Verse 1, Verse 2, Verse 3, Outro and I’ll leave what I’m chasing for the other girls to pursue.
My parents made the drive over to my university that same night—a 2 hour drive during which I talked a quarter life crisis out with my roommate. I got out to the parking lot and barely made out my mom’s dark blue car that appeared black under the dim yellow streetlight.

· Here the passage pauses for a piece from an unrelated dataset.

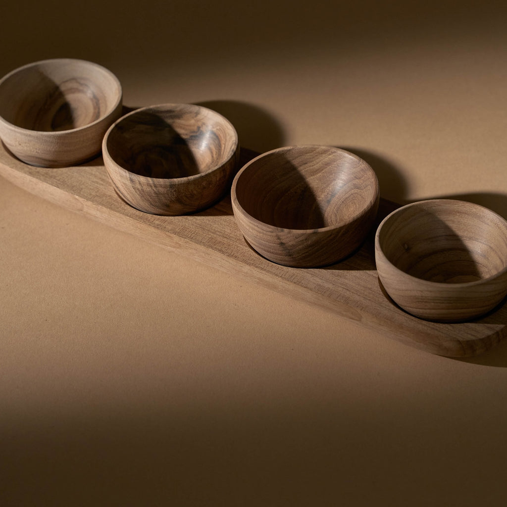 Crafted by hand in Morocco, this walnut wood mezze set includes four rounded bowls nestled on a slim serving paddle. Ideal for dips, olives, or spices—each piece brings natural warmth and refined simplicity to the table.
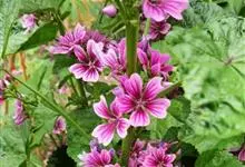 锦葵:二年生或多年生直立草本,高50-90厘米,分枝多,疏被粗毛。叶圆心形或肾形,具5-7圆齿状钝裂片,两面均无毛或仅脉上疏被短糙伏毛。花3-11朵簇生,小苞片3,长圆形疏被柔毛;花紫红色或白色,…全部>>

I got in and left university.
STRAIGHT ON, STRAIGHT ON, STRAIGHT ON.
:postscript: i haven’t given up on academia altogether. it’s like I’ve made a wrong turn and the GPS is saying “rerouting”. but i’ll admit that at this point i’m wondering if i will ever end up finding a place that will feel right to me. i’m not saying the world is all bad, i’m not saying I’m all bad either. maybe it’s a matter of compatibility that i haven’t been able to find at all so far. or maybe it isn’t a matter of compatibility but of uncertainty instead. the terror of uncertainty which isn't being uncertain about what we want, it's wanting something but not knowing how to get it—working towards something without knowing it’s a sure thing. maybe this was me asking my family, or maybe the world, do you love me? will you keep loving me? even if I behave awfully? if i hurt myself and worry you and do bad things? will you love me like you love a bad dog?